Exams Malpractice In Covid-19

By Mohamed Juma Jalloh

Since Sierra Leone recorded her first Corona virus case on March 31st, this year, fear of transmission of the highly contagious and deadly virus led to shutting down of schools throughout Sierra Leone.

As Covid-19 starts to show signs of receding, government recognises the need for the resumption of some academic activities.

To that end, the re-commencement of classes hitherto banned was waived.

First West African Secondary School Certificate Examinations (WASSCE) kicked off on 11th August in the midst of COVID-19 pandemic.

It is a public examination conducted by the West African Examination Council (WAEC) for pupils in last stage of senior school education in Sierra Leone and other West African countries.

The examination is seen as a rite of passage from senior school education to tertiary level.

Despite its image crisis in recent years, WAEC is still recognised as the sole authority for pubic exams in the four West African countries.

The examining body awards certificates comparable to those of equivalent international examination authorities.

With such responsibility, the council is expected to significantly contribute to the development of quality education.

The council is expected to give the people of West Africa a vision for great potentials which lie beyond examinations.

However, over the years, threats to WAEC`s reputation and delivery of quality service are becoming increasingly worrisome.

The institution needs to redeem itself from the seemingly intractable problems of irregularities and examination malpractices.

In a pandemic period, many WASSCE candidates have failed to pay the required attention to studies.

Situation was worsened for those who had little or no access to Radio Teaching programme initiated by the Ministry of Basic and Secondary Education (MBSSE).

With over 150,000 candidates expected to face the exams, WASCCE candidates in remote commnunities such as towns and villages were virtually deprived.

Despite the increase in mobile penetration in many hard- to-reach communities, having a mobile or radio set is still a luxury.

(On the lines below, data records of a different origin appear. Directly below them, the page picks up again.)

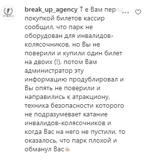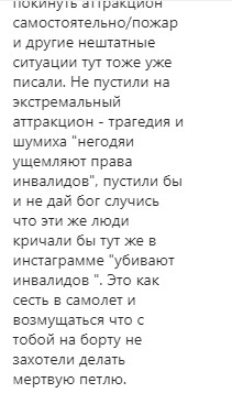 Интересно, что многие подписчики Кузнецовой в соцсети не поняли ее возмущения. По их мнению, с посетителей-инвалидов было достаточно и того, что кассирша предупредила их на входе, а отказ допускать их на аттракционы абсолютно оправдан возможной угрозой здоровью колясочников.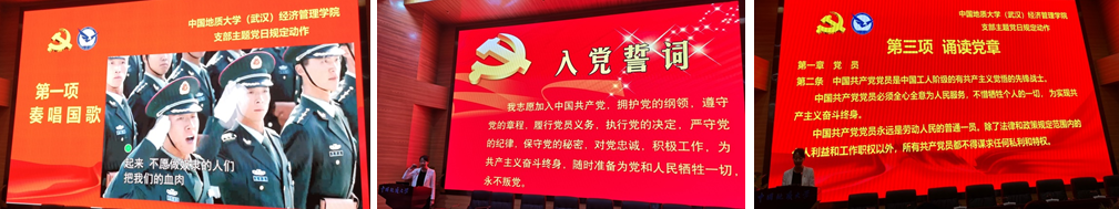 [通讯员周玲 赵家玮]响应学校党委号召,经学院党委部署安排,成人网站 全国党建工作样板支部旅游管理系党支部和全国党建工作样板支部培育创建单位经济系党支部联合策划并组织了以“学习党史校史院史,传承地大经管人砥砺奋进精神”为主题的支部主题党日活动。活动于2021年4月29日下午在未来城校区经管大楼二楼报告厅举行,并同步举行线上会议,学院全体党员师生参与活动。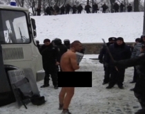 protestuesit, mes tyre një gazetaPolicët ukrainas kanë torturuar një nga protestuesit të cilët po marrin pjesë në protestat e shumta që kanë pushtuar kryeqytetin e Kievit dhe më gjerë. Është dhunuar edhe një gazetar. (Foto/Protestuesi i dhunuar)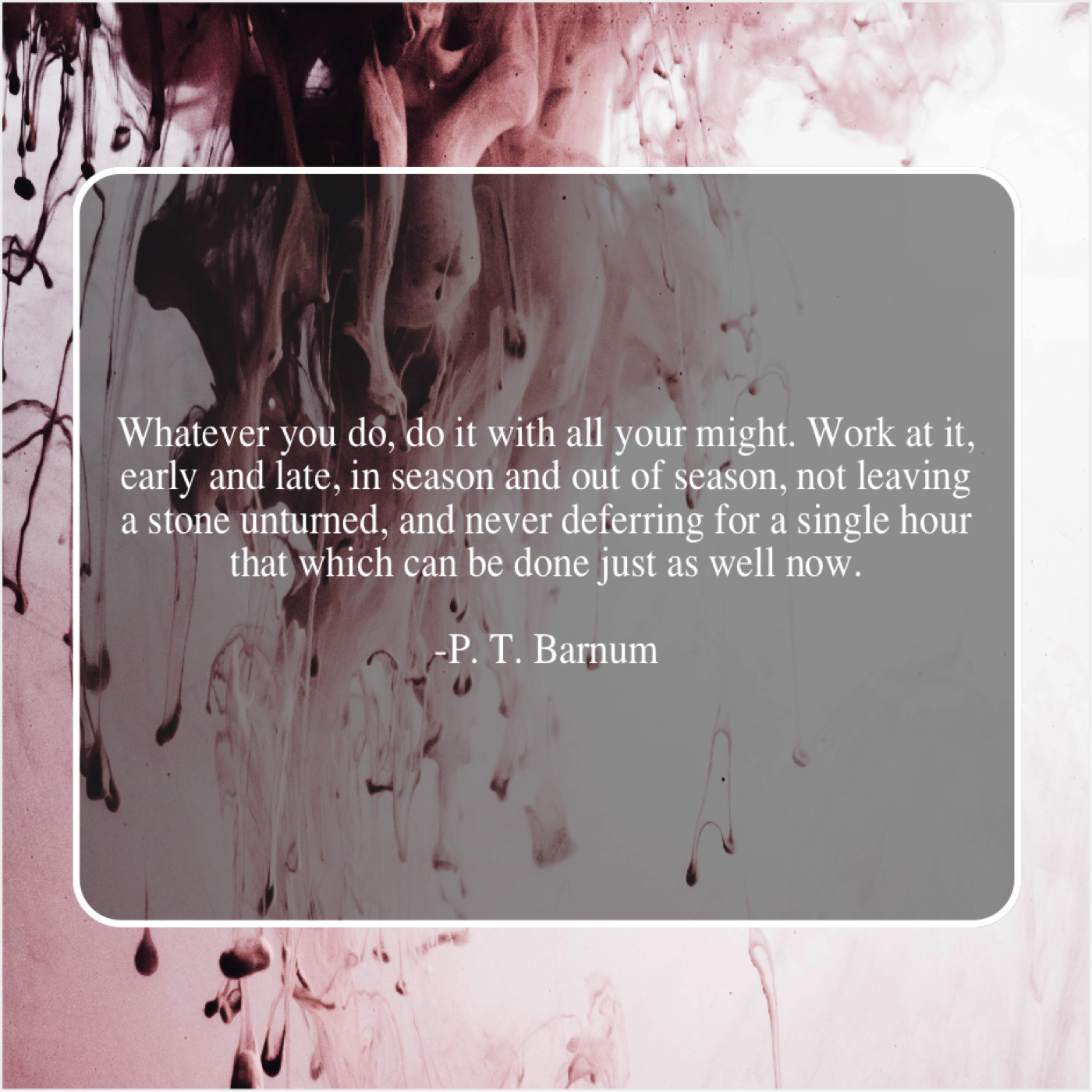P. T. Barnum P. T. Barnum – Whatever you do, do it… June 26, 2019 admin “Whatever you do, do it with all your might. Work at it, early and late, in season and out of season, not leaving a stone unturned, and never deferring for a single hour that which can be done just as well now.”-P. T. Barnum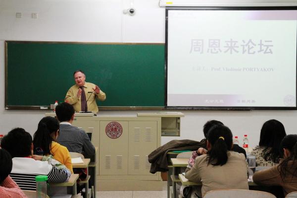 (通讯员 李金潼)10月23日,俄罗斯科学院远东研究所副所长、《远东事务》(Far Eastern Affairs)主编弗拉基米尔·波特雅科夫(Vladimir Portyakov)教授做客“周恩来论坛”,给南开师生带来一场题为“俄罗斯的中国对外关系与对外政策研究”的精彩讲座。讲座由91国产

In public examinations, it is not uncommon for children to trek several miles to access examination centres. Some roads are even inaccessible, prompting parents to make prearrangements for the pupil to have safe accommodation in larger towns with WASSCE centres.

Covid-19 restrictions and uncertainty in the date for the exams were causes that made WASSCE candidates to relax.

The candidates’ preparation for the WASSCE has been afflicted by many turbulent circumstances, thereby raising the stakes high for them to indulge in examination malpractices.

This unfortunate trend in WASSCE exams is often aided by parents who provide financial inducements to aid their children in dubious games.

Some misinformed parents go the extra-mile to ensure their children cheat the exams because facing WASSCE even by unlawful means is generally regarded as a stepping stone to immediate success.

In fairness to WAEC, it is not a profit-making institution.

The council depends on two main sources of revenue for funding its operations.

These include: government subvention and examination fees.

It is clear that the revenue accrued from these sources has considerably dwindled in recent years and WAEC is not allowed to charge economic rates for its examinations despite the country’s inflationary trend.

These funds from government, most times, do not meet WAEC in time as it comes in tranches.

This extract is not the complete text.